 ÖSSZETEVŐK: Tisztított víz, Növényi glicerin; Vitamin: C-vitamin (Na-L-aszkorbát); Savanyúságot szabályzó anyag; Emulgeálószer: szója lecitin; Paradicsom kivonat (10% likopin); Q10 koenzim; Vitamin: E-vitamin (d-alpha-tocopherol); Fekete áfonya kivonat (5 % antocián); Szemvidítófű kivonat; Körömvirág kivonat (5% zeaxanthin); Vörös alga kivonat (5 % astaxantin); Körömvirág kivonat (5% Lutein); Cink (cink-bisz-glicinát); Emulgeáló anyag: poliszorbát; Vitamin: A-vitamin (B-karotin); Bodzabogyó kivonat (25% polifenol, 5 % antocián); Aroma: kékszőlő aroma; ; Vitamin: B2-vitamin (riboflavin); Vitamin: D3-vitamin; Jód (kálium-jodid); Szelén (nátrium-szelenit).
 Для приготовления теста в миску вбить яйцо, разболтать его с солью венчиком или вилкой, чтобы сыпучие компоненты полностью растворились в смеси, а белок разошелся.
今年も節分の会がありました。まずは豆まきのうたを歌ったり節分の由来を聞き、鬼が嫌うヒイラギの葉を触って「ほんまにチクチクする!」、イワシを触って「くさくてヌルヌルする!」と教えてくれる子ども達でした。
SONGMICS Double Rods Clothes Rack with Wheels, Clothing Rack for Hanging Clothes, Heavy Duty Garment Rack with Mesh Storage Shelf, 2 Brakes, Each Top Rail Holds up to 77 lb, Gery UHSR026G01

——————

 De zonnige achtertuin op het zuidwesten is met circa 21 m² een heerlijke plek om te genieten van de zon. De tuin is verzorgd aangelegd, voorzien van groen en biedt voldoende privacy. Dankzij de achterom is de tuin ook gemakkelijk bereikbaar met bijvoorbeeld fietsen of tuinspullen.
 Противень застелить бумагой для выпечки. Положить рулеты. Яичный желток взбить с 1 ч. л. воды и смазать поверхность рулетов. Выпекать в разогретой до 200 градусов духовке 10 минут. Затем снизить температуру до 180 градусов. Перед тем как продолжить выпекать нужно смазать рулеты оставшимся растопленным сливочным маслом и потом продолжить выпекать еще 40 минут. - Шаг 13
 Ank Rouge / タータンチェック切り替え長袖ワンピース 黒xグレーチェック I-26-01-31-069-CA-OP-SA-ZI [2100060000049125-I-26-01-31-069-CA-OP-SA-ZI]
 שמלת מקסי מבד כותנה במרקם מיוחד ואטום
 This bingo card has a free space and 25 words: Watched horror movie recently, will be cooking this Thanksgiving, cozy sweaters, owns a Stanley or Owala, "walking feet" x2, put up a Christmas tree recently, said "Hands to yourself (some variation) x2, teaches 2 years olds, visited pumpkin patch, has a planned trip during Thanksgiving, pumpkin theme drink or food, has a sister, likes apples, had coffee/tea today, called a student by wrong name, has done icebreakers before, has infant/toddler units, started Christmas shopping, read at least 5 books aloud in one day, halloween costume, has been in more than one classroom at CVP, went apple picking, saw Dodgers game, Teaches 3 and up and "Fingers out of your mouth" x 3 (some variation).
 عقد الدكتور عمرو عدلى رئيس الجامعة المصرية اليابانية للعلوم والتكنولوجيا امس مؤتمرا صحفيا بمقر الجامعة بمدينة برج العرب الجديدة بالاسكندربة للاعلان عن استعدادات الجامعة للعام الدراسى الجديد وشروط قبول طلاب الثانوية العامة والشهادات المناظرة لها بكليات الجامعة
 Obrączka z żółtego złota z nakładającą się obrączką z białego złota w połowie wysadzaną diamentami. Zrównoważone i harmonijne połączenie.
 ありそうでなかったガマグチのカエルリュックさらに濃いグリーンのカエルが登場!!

——————

**What the exercise asks**
All that belongs in the answer is the run of lines above from the line containing "ÖSSZETEVŐK: Tisztított víz, Növényi" through the line containing "Для приготовления теста", exactly as written.

**Response to this task**
 ÖSSZETEVŐK: Tisztított víz, Növényi glicerin; Vitamin: C-vitamin (Na-L-aszkorbát); Savanyúságot szabályzó anyag; Emulgeálószer: szója lecitin; Paradicsom kivonat (10% likopin); Q10 koenzim; Vitamin: E-vitamin (d-alpha-tocopherol); Fekete áfonya kivonat (5 % antocián); Szemvidítófű kivonat; Körömvirág kivonat (5% zeaxanthin); Vörös alga kivonat (5 % astaxantin); Körömvirág kivonat (5% Lutein); Cink (cink-bisz-glicinát); Emulgeáló anyag: poliszorbát; Vitamin: A-vitamin (B-karotin); Bodzabogyó kivonat (25% polifenol, 5 % antocián); Aroma: kékszőlő aroma; ; Vitamin: B2-vitamin (riboflavin); Vitamin: D3-vitamin; Jód (kálium-jodid); Szelén (nátrium-szelenit).
 Для приготовления теста в миску вбить яйцо, разболтать его с солью венчиком или вилкой, чтобы сыпучие компоненты полностью растворились в смеси, а белок разошелся.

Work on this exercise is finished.